From: Vincent Guittot
Date: Thu Sep 09 2021 - 10:39:34 EST


On Thu, 19 Aug 2021 at 19:50, Michal Koutný <mkoutny@xxxxxxxx> wrote:
>
> Since commit a7b359fc6a37 ("sched/fair: Correctly insert cfs_rq's to
> list on unthrottle") we add cfs_rqs with no runnable tasks but not fully
> decayed into the load (leaf) list. We may ignore adding some ancestors
> and therefore breaking tmp_alone_branch invariant. This broke LTP test
> cfs_bandwidth01 and it was partially fixed in commit fdaba61ef8a2
> ("sched/fair: Ensure that the CFS parent is added after unthrottling").
>
> I noticed the named test still fails even with the fix (but with low
> probability, 1 in ~1000 executions of the test). The reason is when
> bailing out of unthrottle_cfs_rq early, we may miss adding ancestors of
> the unthrottled cfs_rq, thus, not joining tmp_alone_branch properly.
>
> Fix this by adding ancestors if we notice the unthrottled cfs_rq was
> added to the load list.
>
> Fixes: a7b359fc6a37 ("sched/fair: Correctly insert cfs_rq's to list on unthrottle")
> Signed-off-by: Michal Koutný <mkoutny@xxxxxxxx>
> ---
> kernel/sched/fair.c | 10 +++++++++-
> 1 file changed, 9 insertions(+), 1 deletion(-)
>
> diff --git a/kernel/sched/fair.c b/kernel/sched/fair.c
> index 44c452072a1b..2c41a9007928 100644
> --- a/kernel/sched/fair.c
> +++ b/kernel/sched/fair.c
> @@ -4898,8 +4898,16 @@ void unthrottle_cfs_rq(struct cfs_rq *cfs_rq)
> /* update hierarchical throttle state */
> walk_tg_tree_from(cfs_rq->tg, tg_nop, tg_unthrottle_up, (void *)rq);
>
> - if (!cfs_rq->load.weight)
> + if (!cfs_rq->load.weight) {
> + /* Nothing to run but something to decay? Complete the branch */
> + if (cfs_rq->on_list)

Could you use !cfs_rq_is decayed(cfs_rq) ?

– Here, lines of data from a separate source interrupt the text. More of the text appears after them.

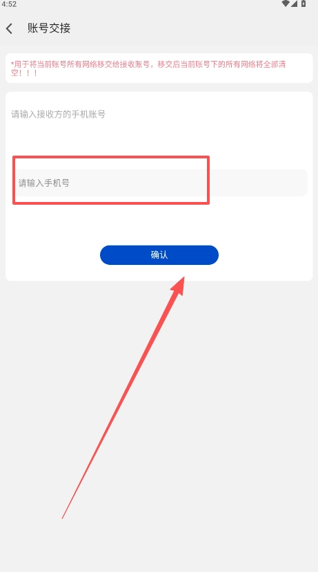 3、请输入对方用于交接的手机号码,此操作是为了将当前账号下的所有网络移交给接收账号,移交完成后,当前账号下的所有网络信息将被全部清空。
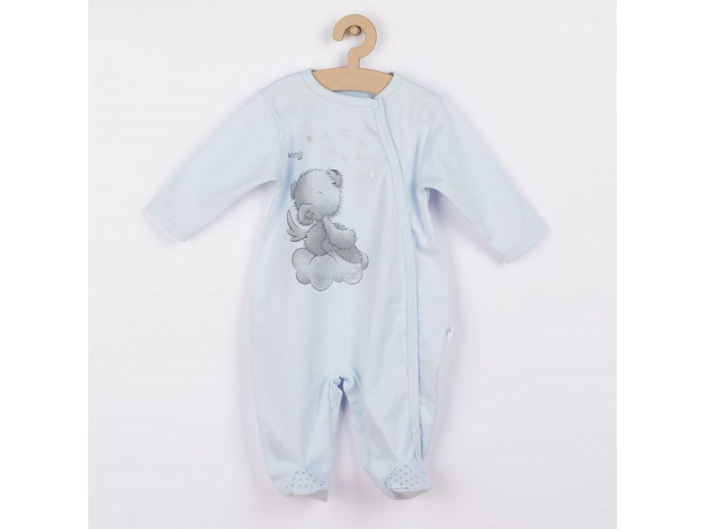 Očarujúci a jemný bavlnený dojčenský overal s čiapočkou Koala Angel. Overal má moderné bočné zapínanie na cvočky po celej dĺžke a medzi nožičkami. Je vhodný pre bábätká už od narodenia pre svoju jemnosť a mäkkosť. Overal je zdobený obrázkom medvedíka. Čiapočka so širším lemom krásne kryje ušká a je celopotlačená bodkami. Overal s čiapočkou je vyrobený z príjemného a kvalitného bavlneného materiálu, v ktorom sa bude Vaše bábätko cítiť príjemne. Zloženie: 100% bavlna.Dodatočné parametre
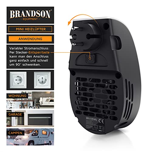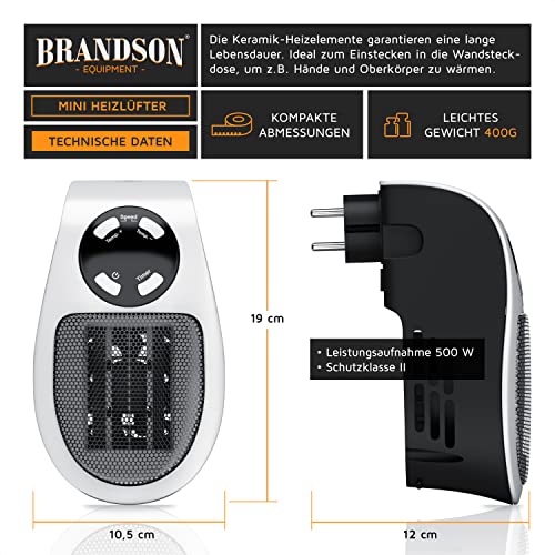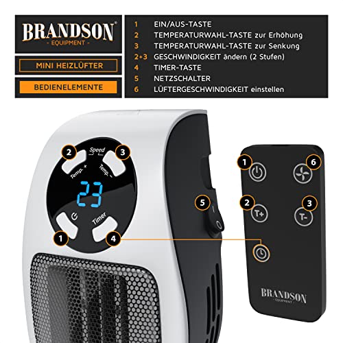 Brandson – Heizlüfter energiesparend leise – mit Fernbedienung – für die Steckdose – Keramik Heizung mit Thermostat – Überhitzungsschutz – Steckdosen Heizlüfter 500W – Badezimmer Schlafzimmer Büro
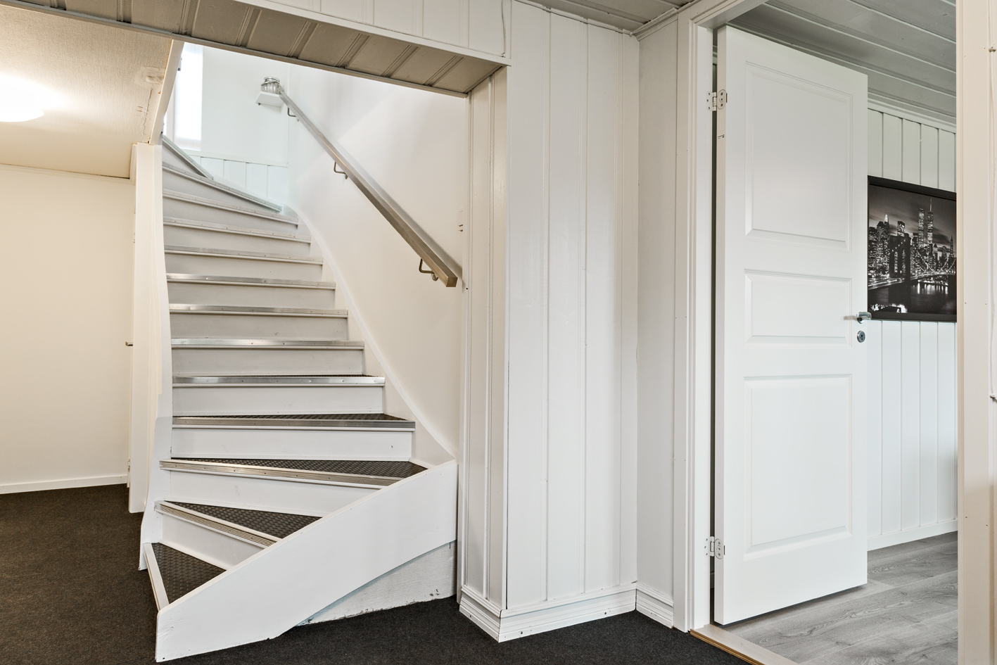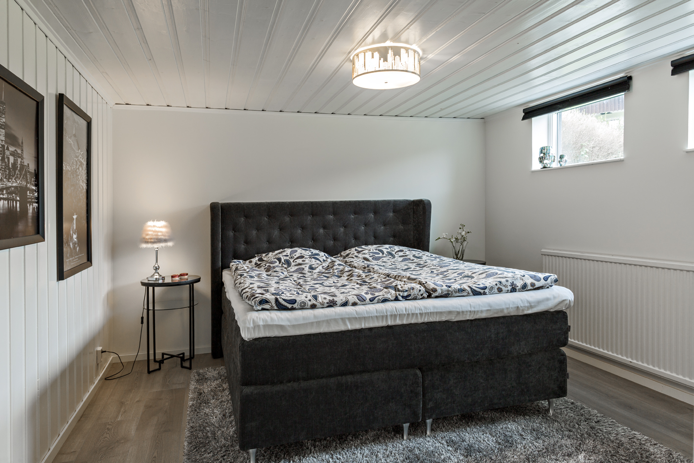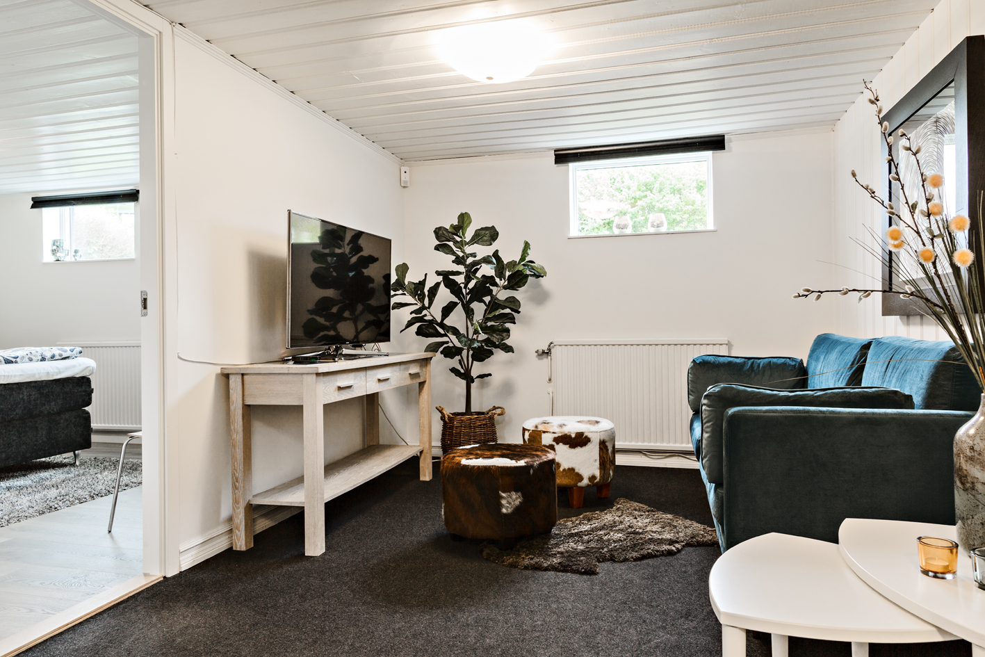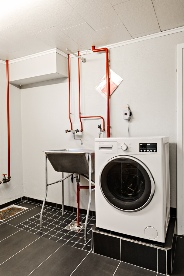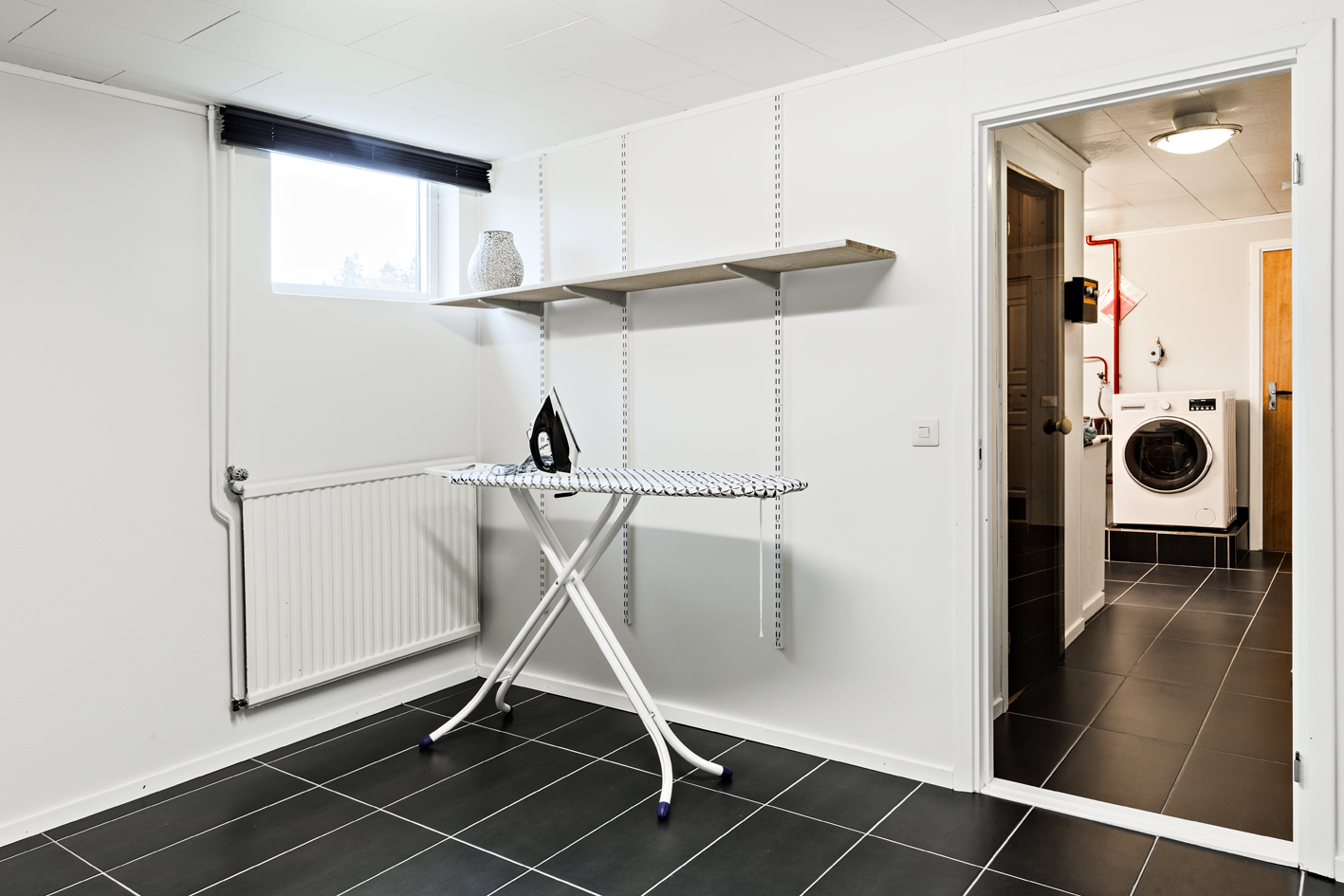 Direkt nedanför trappan finns ett allrum med heltäckningsmatta och ljusa vita väggar. Här finns gott om utrymme för barnen att få en egen spel- tv-hörna. Det fjärde sovrummen ligger direkt innanför till vänster. Ljusa färg och materialval gör tillsammans med stora källarfönster att rummet känns stort och rymligt. Hallen leder bort till det femte sovrummet som är husets största. Här finns gott om plats för både garderober och övrig klädförvaring. Tvättstugan går i rött/vitt/svart med ett svart klinkergolv och vita väggar. Här finns tvättmaskin samt plats för hängande torkning. Här finns även en praktisk tvättho. Helkaklad dusch med bastu samt nytt aggregat. Övriga utrymmen i källaren består av förråd, wc med toalett och handfat. Från källarplanet kommer vi upp till garaget. Här är även pannan placerad
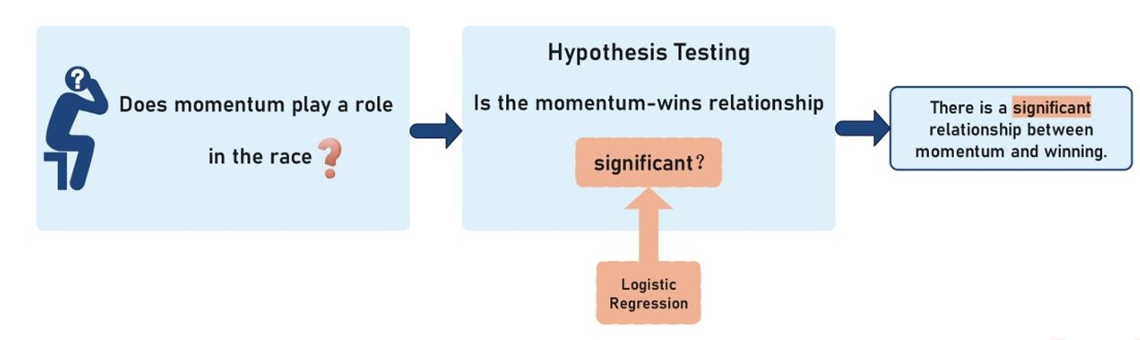 基于前文的讨论和建立的模型,我们的初始假设是 “势头” 对比赛结果有显著影响,即运动员的获胜情况与势头相关,而非如教练所认为的那样是表现的随机波动。为证实这一观点,我们采用假设检验和逻辑回归分析作为方法,阐明运动员势头与得分之间的关系。

> + for_each_sched_entity(se) {
> + if (list_add_leaf_cfs_rq(group_cfs_rq(se)))
> + break;
> + }
> + assert_list_leaf_cfs_rq(rq);

Instead of adding a loop here you should better jump to unthrottle_throttle ?

> return;
> + }
>
> task_delta = cfs_rq->h_nr_running;
> idle_task_delta = cfs_rq->idle_h_nr_running;
> --
> 2.32.0
>